Could the data below be copied exactly, minus the pictures?

◆ **INPUT DATA**:
-- -- --

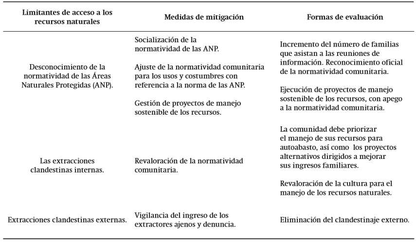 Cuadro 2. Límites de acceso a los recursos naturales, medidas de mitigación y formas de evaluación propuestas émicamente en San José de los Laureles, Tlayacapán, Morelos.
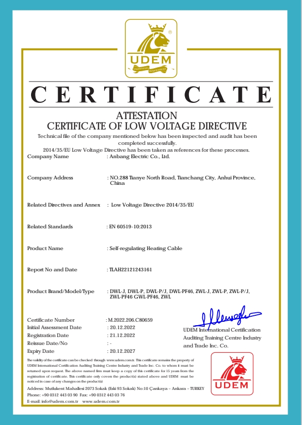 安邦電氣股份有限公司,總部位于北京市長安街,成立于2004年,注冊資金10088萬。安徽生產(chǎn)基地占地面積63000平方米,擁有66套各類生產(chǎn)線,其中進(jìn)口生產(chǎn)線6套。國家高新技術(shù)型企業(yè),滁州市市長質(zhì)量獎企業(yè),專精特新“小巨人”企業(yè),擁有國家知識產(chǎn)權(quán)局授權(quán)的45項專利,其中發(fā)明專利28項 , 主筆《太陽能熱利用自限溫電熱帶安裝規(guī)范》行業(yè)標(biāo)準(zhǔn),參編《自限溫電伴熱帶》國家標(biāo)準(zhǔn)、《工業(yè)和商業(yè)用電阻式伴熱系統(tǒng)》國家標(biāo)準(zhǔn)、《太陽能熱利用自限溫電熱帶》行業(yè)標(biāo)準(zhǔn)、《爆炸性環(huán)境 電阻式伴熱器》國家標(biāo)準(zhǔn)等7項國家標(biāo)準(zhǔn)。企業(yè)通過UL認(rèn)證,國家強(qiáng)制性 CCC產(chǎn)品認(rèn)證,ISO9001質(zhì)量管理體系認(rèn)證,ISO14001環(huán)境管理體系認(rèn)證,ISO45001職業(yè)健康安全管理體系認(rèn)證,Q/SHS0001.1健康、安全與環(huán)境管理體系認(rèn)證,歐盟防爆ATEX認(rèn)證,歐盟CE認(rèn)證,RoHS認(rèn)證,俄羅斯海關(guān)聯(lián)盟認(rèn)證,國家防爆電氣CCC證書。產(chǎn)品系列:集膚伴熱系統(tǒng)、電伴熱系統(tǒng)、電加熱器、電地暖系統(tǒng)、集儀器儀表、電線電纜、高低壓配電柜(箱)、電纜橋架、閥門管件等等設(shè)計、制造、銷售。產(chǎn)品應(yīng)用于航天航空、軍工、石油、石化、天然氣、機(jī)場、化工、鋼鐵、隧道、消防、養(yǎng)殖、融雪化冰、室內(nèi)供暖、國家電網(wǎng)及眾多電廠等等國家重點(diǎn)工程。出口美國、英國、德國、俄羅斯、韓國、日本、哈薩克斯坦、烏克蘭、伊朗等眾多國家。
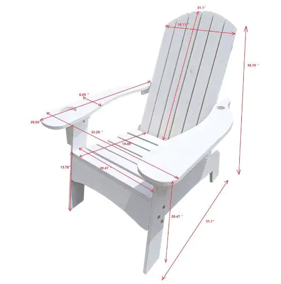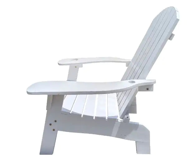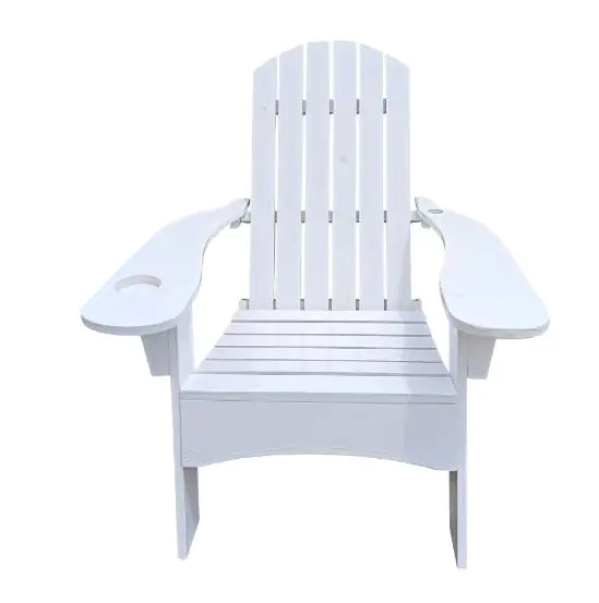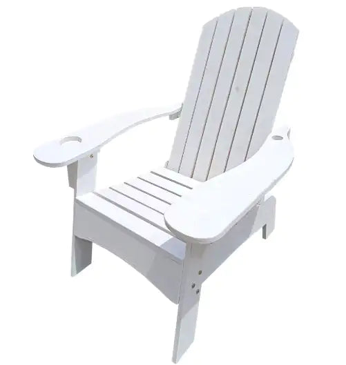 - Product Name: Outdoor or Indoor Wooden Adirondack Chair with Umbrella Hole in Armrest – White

-- -- --

◆ **TASK ANSWER**:
 Cuadro 2. Límites de acceso a los recursos naturales, medidas de mitigación y formas de evaluación propuestas émicamente en San José de los Laureles, Tlayacapán, Morelos.
 安邦電氣股份有限公司,總部位于北京市長安街,成立于2004年,注冊資金10088萬。安徽生產(chǎn)基地占地面積63000平方米,擁有66套各類生產(chǎn)線,其中進(jìn)口生產(chǎn)線6套。國家高新技術(shù)型企業(yè),滁州市市長質(zhì)量獎企業(yè),專精特新“小巨人”企業(yè),擁有國家知識產(chǎn)權(quán)局授權(quán)的45項專利,其中發(fā)明專利28項 , 主筆《太陽能熱利用自限溫電熱帶安裝規(guī)范》行業(yè)標(biāo)準(zhǔn),參編《自限溫電伴熱帶》國家標(biāo)準(zhǔn)、《工業(yè)和商業(yè)用電阻式伴熱系統(tǒng)》國家標(biāo)準(zhǔn)、《太陽能熱利用自限溫電熱帶》行業(yè)標(biāo)準(zhǔn)、《爆炸性環(huán)境 電阻式伴熱器》國家標(biāo)準(zhǔn)等7項國家標(biāo)準(zhǔn)。企業(yè)通過UL認(rèn)證,國家強(qiáng)制性 CCC產(chǎn)品認(rèn)證,ISO9001質(zhì)量管理體系認(rèn)證,ISO14001環(huán)境管理體系認(rèn)證,ISO45001職業(yè)健康安全管理體系認(rèn)證,Q/SHS0001.1健康、安全與環(huán)境管理體系認(rèn)證,歐盟防爆ATEX認(rèn)證,歐盟CE認(rèn)證,RoHS認(rèn)證,俄羅斯海關(guān)聯(lián)盟認(rèn)證,國家防爆電氣CCC證書。產(chǎn)品系列:集膚伴熱系統(tǒng)、電伴熱系統(tǒng)、電加熱器、電地暖系統(tǒng)、集儀器儀表、電線電纜、高低壓配電柜(箱)、電纜橋架、閥門管件等等設(shè)計、制造、銷售。產(chǎn)品應(yīng)用于航天航空、軍工、石油、石化、天然氣、機(jī)場、化工、鋼鐵、隧道、消防、養(yǎng)殖、融雪化冰、室內(nèi)供暖、國家電網(wǎng)及眾多電廠等等國家重點(diǎn)工程。出口美國、英國、德國、俄羅斯、韓國、日本、哈薩克斯坦、烏克蘭、伊朗等眾多國家。
 - Product Name: Outdoor or Indoor Wooden Adirondack Chair with Umbrella Hole in Armrest – White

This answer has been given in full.